Глаза были большие и темные — и это пугало больше всего. Они не плакали. Они смотрели.
Повитуха тихо сказала:
— Лучше бы не жил, — и испугалась своих слов.
Мать закрыла лицо ладонями. Отец молчал долго, а затем произнес глухо:
— Будет жить.
И это было приговором не ему — миру.
**
Дети сначала боялись. Потом привыкли и стали смеяться.
— Говори что-нибудь! — требовали. — Давай, говори!
Он открывал рот. Звуки выходили мокрые, уродливые, ошметками:
— Гх… рр… хс…
Слова ломались на его губах, как старые кости. Дети катались по снегу от смеха.
— Слышали? — кричали. — Он лаять пытается!
Он смотрел на них долго, не мигая. И это смех обрывать умело лучше любых слов.
Одна девочка, смелее других, подошла слишком близко, посмотрела в его лицо и прошептала:
— Мама права. Он не человек.
Он медленно, тщательно плюнул ей под ноги. И захромал дальше. Ровно, спокойно. С отвращением к ним и без жалости к себе.
**
Он рос — и портился.
Не «грустнел», не смягчался — портился, как яблоко, в котором нашли червяка и бросили обратно в корзину. Он научился смотреть так, что люди отворачивались первыми. Научился говорить жестами, глазами, молчанием — потому что слова его были уродливы.
Когда священник спрашивал:
— Почему ты не участвуешь в службе?
Агнер отвечал своим страшным, сломанным голосом:
— Н-не… н-на… д-до…
Священник бледнел, торопливо крестился и говорил:
— Грех мучить язык, дитя.
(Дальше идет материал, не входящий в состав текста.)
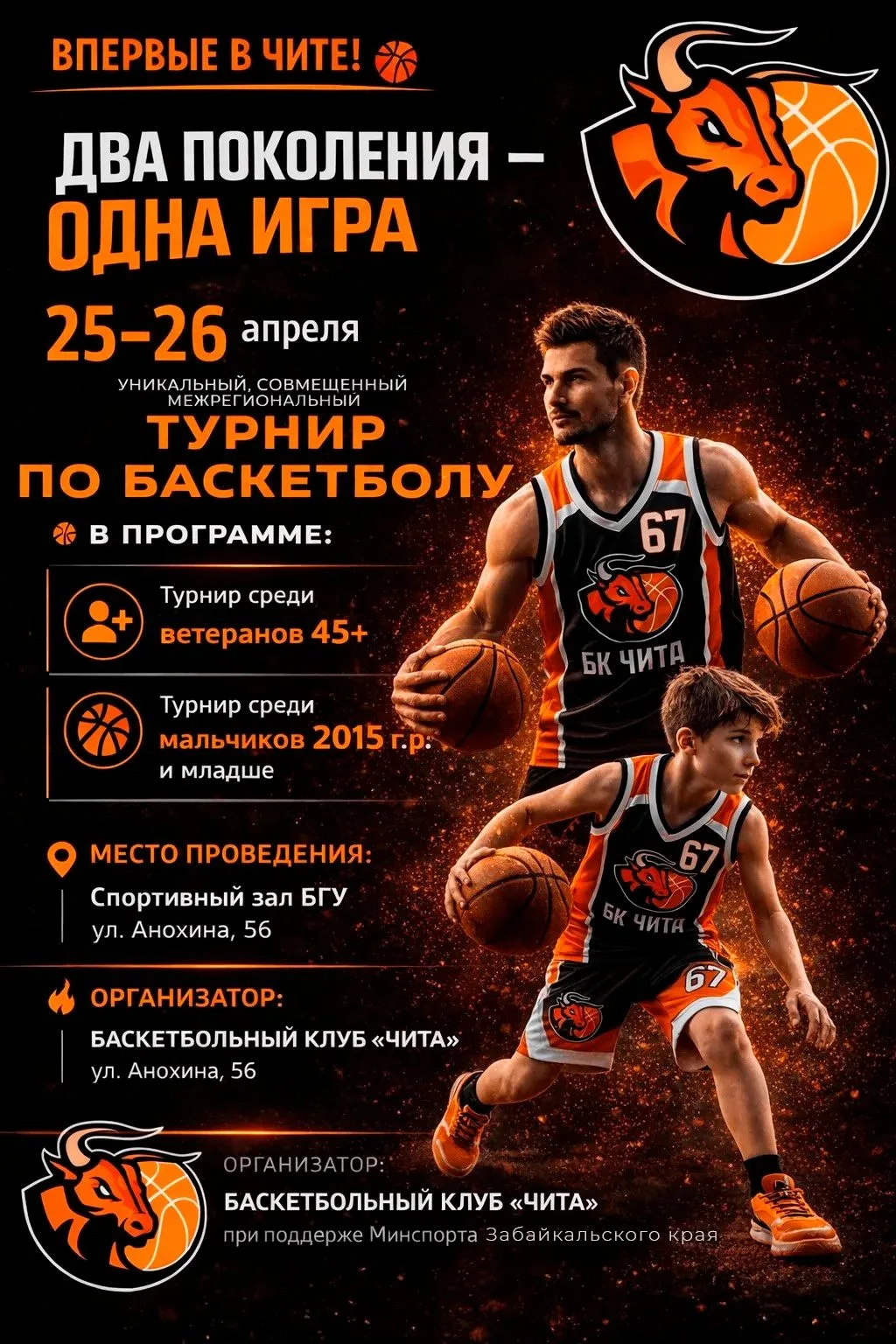 25–26 числа в Чите пройдут соревнования по баскетболу, где каждый наглядно может увидеть преемственность поколений!

Лучше молчи.
Он молчал. Но думал гадости. Это у него получалось чисто и четко.
**
Мир его не любил. Он отвечал взаимностью.
Сосед попытался пожалеть:
— Ты не обижайся на людей, мальчик. Бог тебя таким сделал для смирения.
Агнер посмотрел на него долгим, липким взглядом и прохрипел:
— В-ва… шш… го.
Того передернуло. Он отступил, как от холодной воды.
— Что ты сказал?
Агнер показал зубы — то ли улыбку, то ли угрозу. Мужик больше с ним не разговаривал.
**
Слово «чернокнижник» он услышал у трактира.
— Был один такой же… — говорил мужик с красным носом.
— Урод?
— Урод.
— И что?
— Страшный стал. Всех потом за пояс заткнул.
— А как?
— Да кто ж знает. Тьма ему помогла.
Агнер слушал, отвернувшись, чтобы не видеть их лиц. Внутри все холодно и сладко тянуло: можно не нравиться — и все равно править.
Он попытался рассмеяться. Вышел рваный шипящий звук.
**
Книги он нашел легко. Священники прячут плохо. Да и кто станет запирать от того, у кого руки дрожат, а язык — как сломанный нож?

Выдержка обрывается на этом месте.